TASK INSTRUCTIONS
Only the lines from the beginning of the data through the one with "Volume fraction contour: (a)" belong in the answer, each retyped exactly, with pictures left out.

:: EXCERPTED RECORDS ::

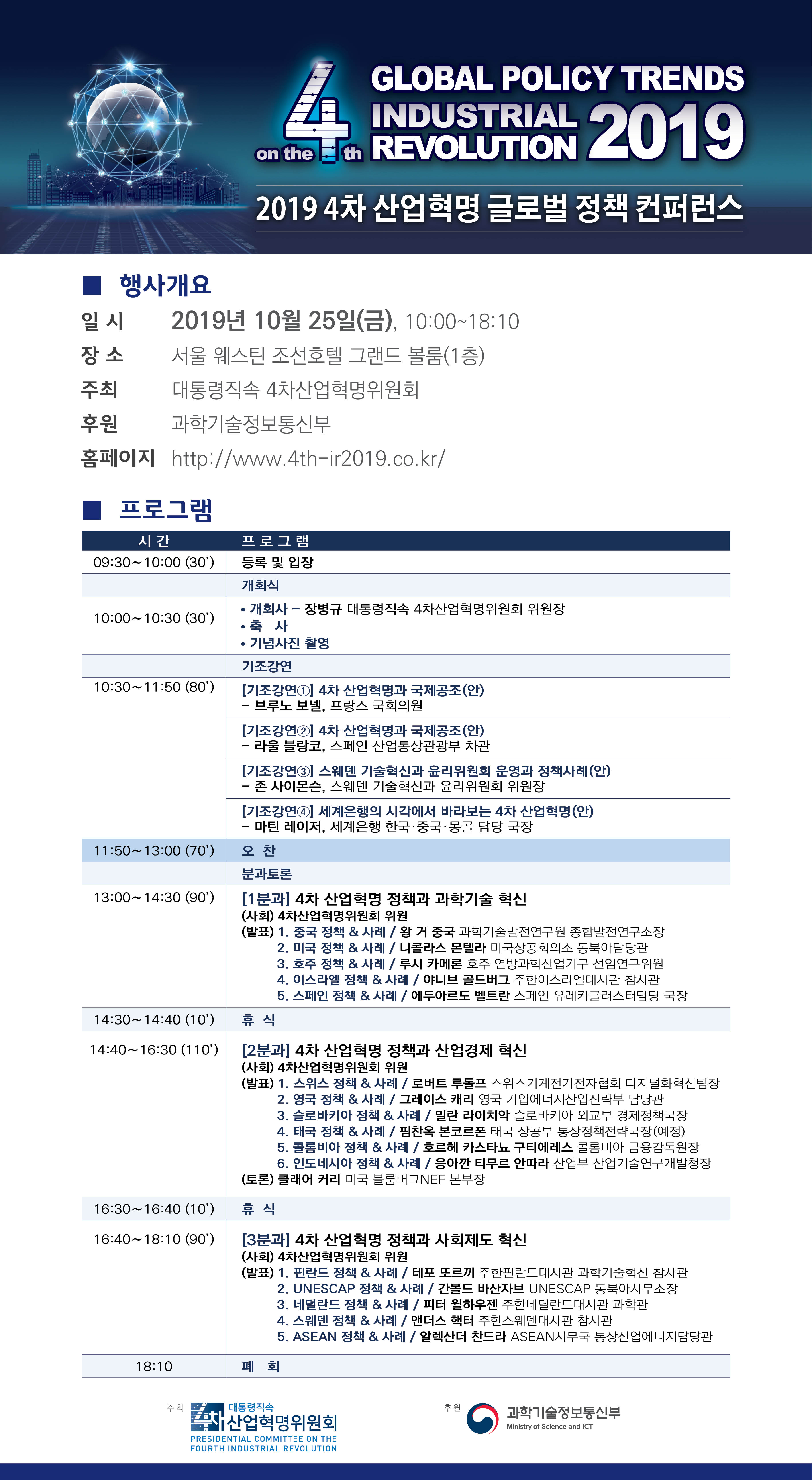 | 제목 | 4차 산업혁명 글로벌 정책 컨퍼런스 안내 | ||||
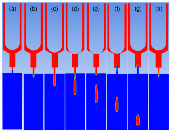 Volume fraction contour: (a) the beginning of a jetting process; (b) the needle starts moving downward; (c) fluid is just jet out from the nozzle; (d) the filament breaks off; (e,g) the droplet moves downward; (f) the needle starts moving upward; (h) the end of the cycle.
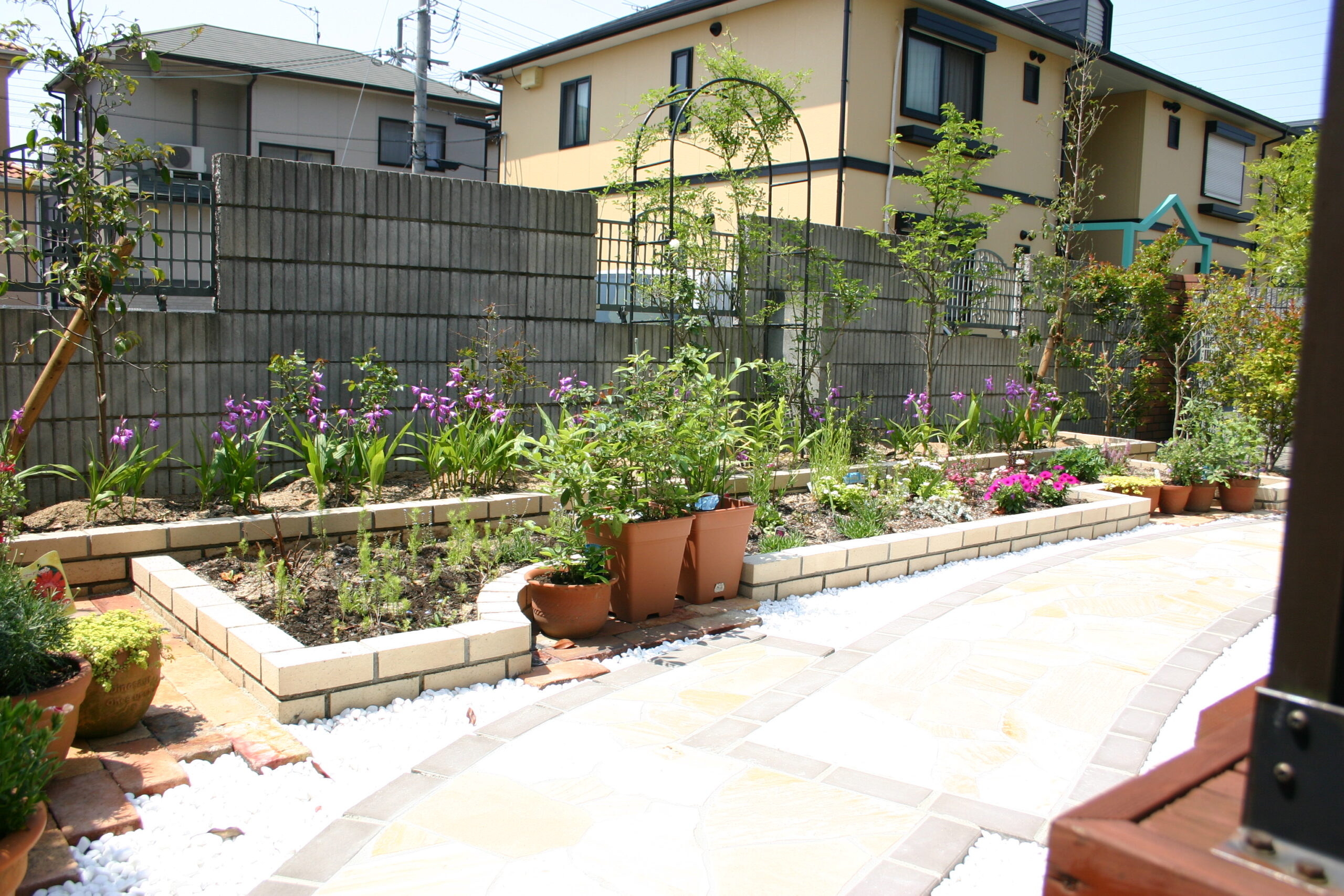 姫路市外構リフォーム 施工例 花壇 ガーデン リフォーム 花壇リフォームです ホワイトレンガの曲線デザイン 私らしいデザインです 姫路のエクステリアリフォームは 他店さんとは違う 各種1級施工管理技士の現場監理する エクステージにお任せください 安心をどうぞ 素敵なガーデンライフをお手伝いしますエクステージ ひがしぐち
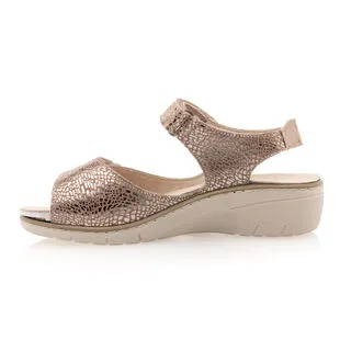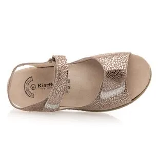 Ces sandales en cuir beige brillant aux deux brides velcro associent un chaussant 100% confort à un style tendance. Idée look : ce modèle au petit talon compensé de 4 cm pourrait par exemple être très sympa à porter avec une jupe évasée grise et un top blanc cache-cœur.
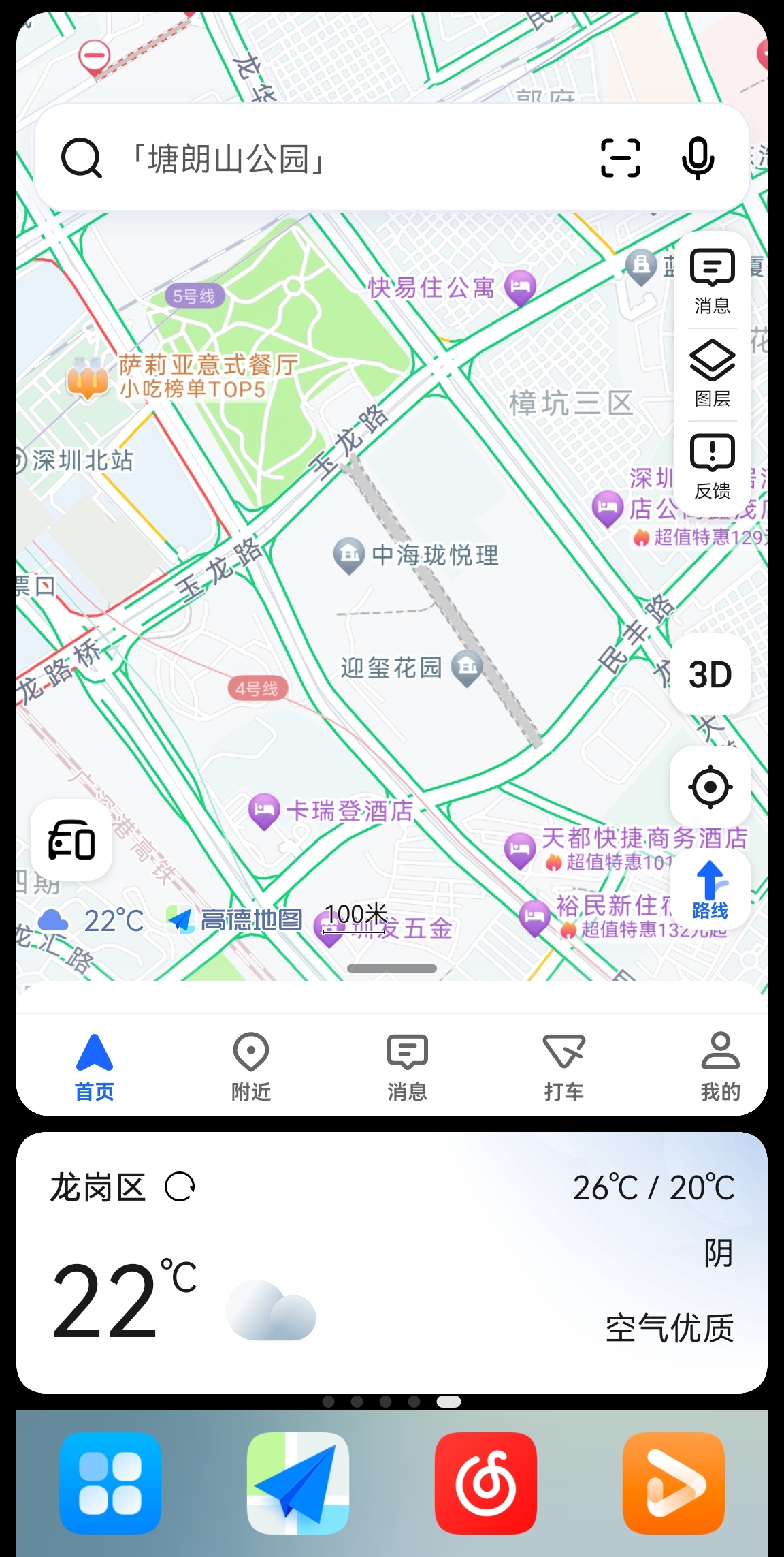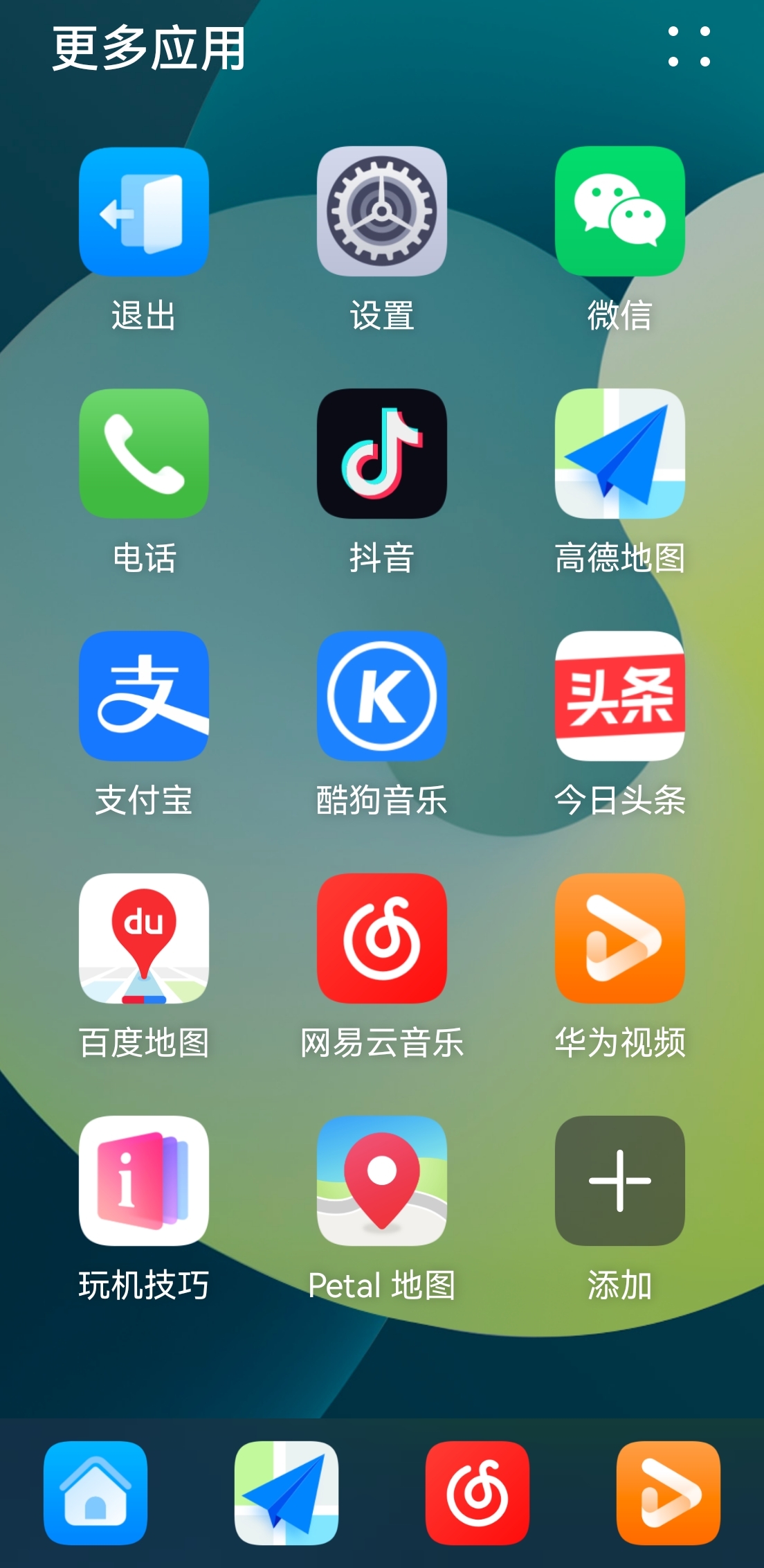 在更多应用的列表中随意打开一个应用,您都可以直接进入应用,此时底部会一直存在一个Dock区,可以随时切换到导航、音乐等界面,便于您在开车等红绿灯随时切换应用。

:::

TASK SOLUTION
 | 제목 | 4차 산업혁명 글로벌 정책 컨퍼런스 안내 | ||||
 Volume fraction contour: (a) the beginning of a jetting process; (b) the needle starts moving downward; (c) fluid is just jet out from the nozzle; (d) the filament breaks off; (e,g) the droplet moves downward; (f) the needle starts moving upward; (h) the end of the cycle.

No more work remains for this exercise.